Debt administrators are deducting illegal fees that are conservatively estimated at R800m from repayments made by over-indebted low-income earners, notes Laura du Preez in a Personal Finance report. 

Low-income earners who are unable to keep up their debt repayments have in the past sought, and may in the future continue to seek, the help of debt administrators to reschedule their repayments to affordable levels. But a Somerset West lawyer has found that most of these administrators are exploiting the people they are supposed to be helping and trapping them further in debt. Copies of distribution accounts that show how much of the money debt administrators collect from those under their administration was in fact paid to creditors reveal that administrators are charging fees of about 23% to 50% of the amounts they collect.

Full report on: http://http.persfin.co.za/index.php?...icleId=4067486

----------

enyaw (29-Jul-08)

----------


## Dave A

So now can the debtor take this to the National Credit Regulator?
How do they get relief?

----------


## Eugene

Debt administrations under section 74 of the Magistrate Court Act is not controlled by the NCR - only formal debt reviews (similar to an administration) in terms of section 86 of the NCA. The relief for a debtor under administration being exploited by the administrator would be to approach the Court to have the order rescinded.

----------

enyaw (29-Jul-08)

----------


## Dave A

But now surely the debtor is once again unprotected from the creditors.

This story is strikingly close to home. We've got a debtor under an administration order making payments of R200.00 per month to the administrator on a fair pile of debt.

We, as a creditor, are yet to see one cent.

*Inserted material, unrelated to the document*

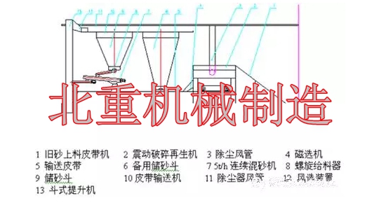 人工落砂后,舊砂通過(guò)上料皮帶機進(jìn)入振動(dòng)落砂機完成落砂、破碎、篩分,再生,經(jīng)過(guò)帶由磁選的輸送皮帶進(jìn)入斗式提升機,在輸送過(guò)程中人工加入新砂。在斗提的出口處安裝風(fēng)選裝置,經(jīng)過(guò)風(fēng)選的型砂經(jīng)皮帶輸送機進(jìn)入儲砂斗。劃線(xiàn)平臺鑄件生產(chǎn)時(shí),型砂從砂斗經(jīng)螺旋給料器進(jìn)入混砂機。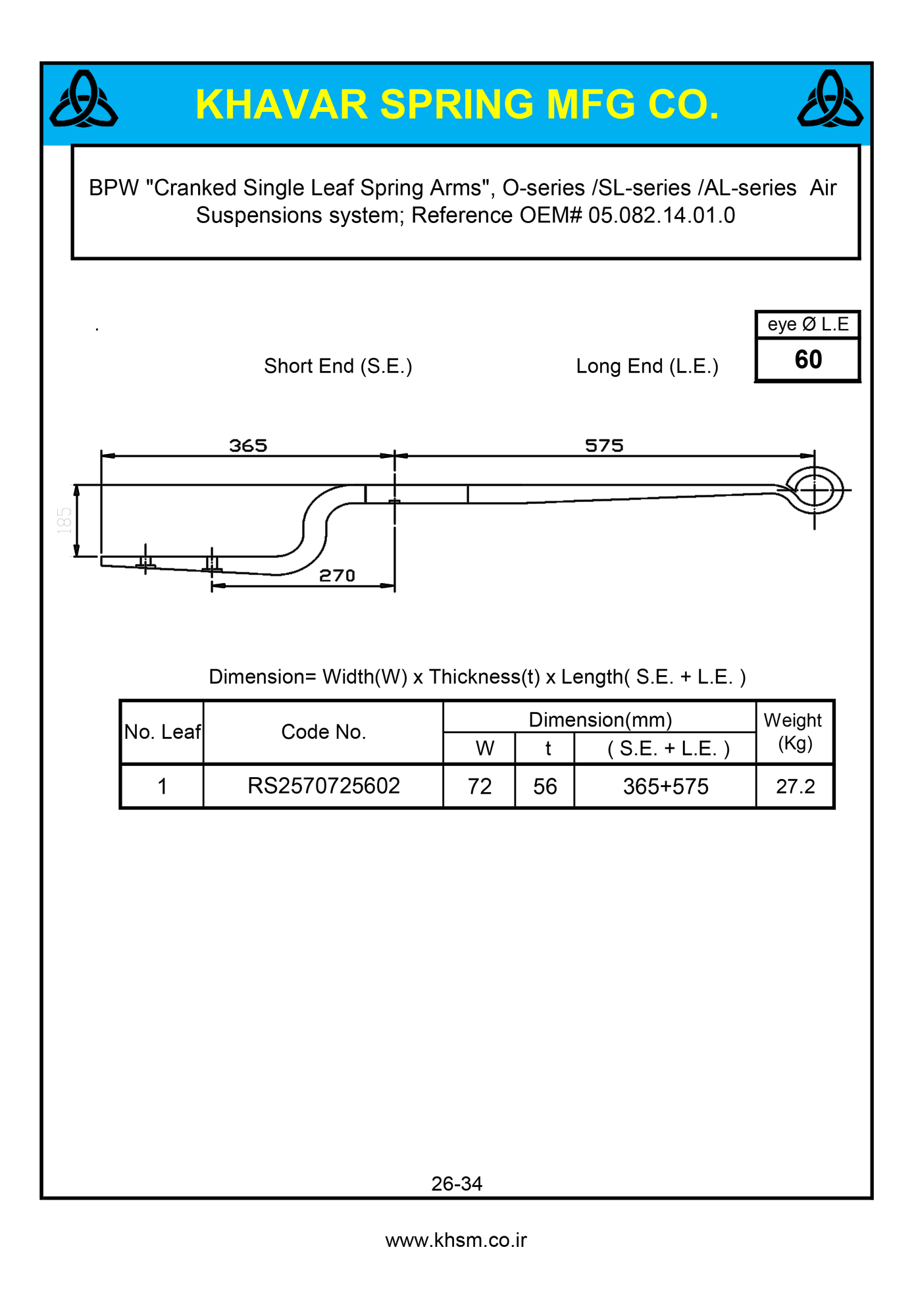 | Name of Car/ Cabin/ Triler | BPW Cranked Single Leaf Spring Arms, O-series /SL-series /AL-series Air Suspensions system |

The administration order itself incorporated a previous administration order with a similar monthly instalment payable. The new order seems to have simply netted the old debt with a pile of new debt under pretty much the same conditions.

In a way it seems the administrator is being paid to protect the debtor from paying their debt at all.

----------


## rossouws

Good day
I am with an Attorney for debt collecting. All my creditors are telling me they have not received a payment from them and I have several faxes confirming that although their spokesperson is telling me that a division was made in November 2007. I have been asking for a division list and what their cost are so many times but never received anything.What is the procedure because I am struggling to get any kind of paper work out of them.
Please if anyone can tell me the procedure.With the first visit I asked the lady what is cost to go under debt councelling and she told me nothing. I understand that they have costs but how much are they allowed to charge
Sonja :Confused:  :Confused:

----------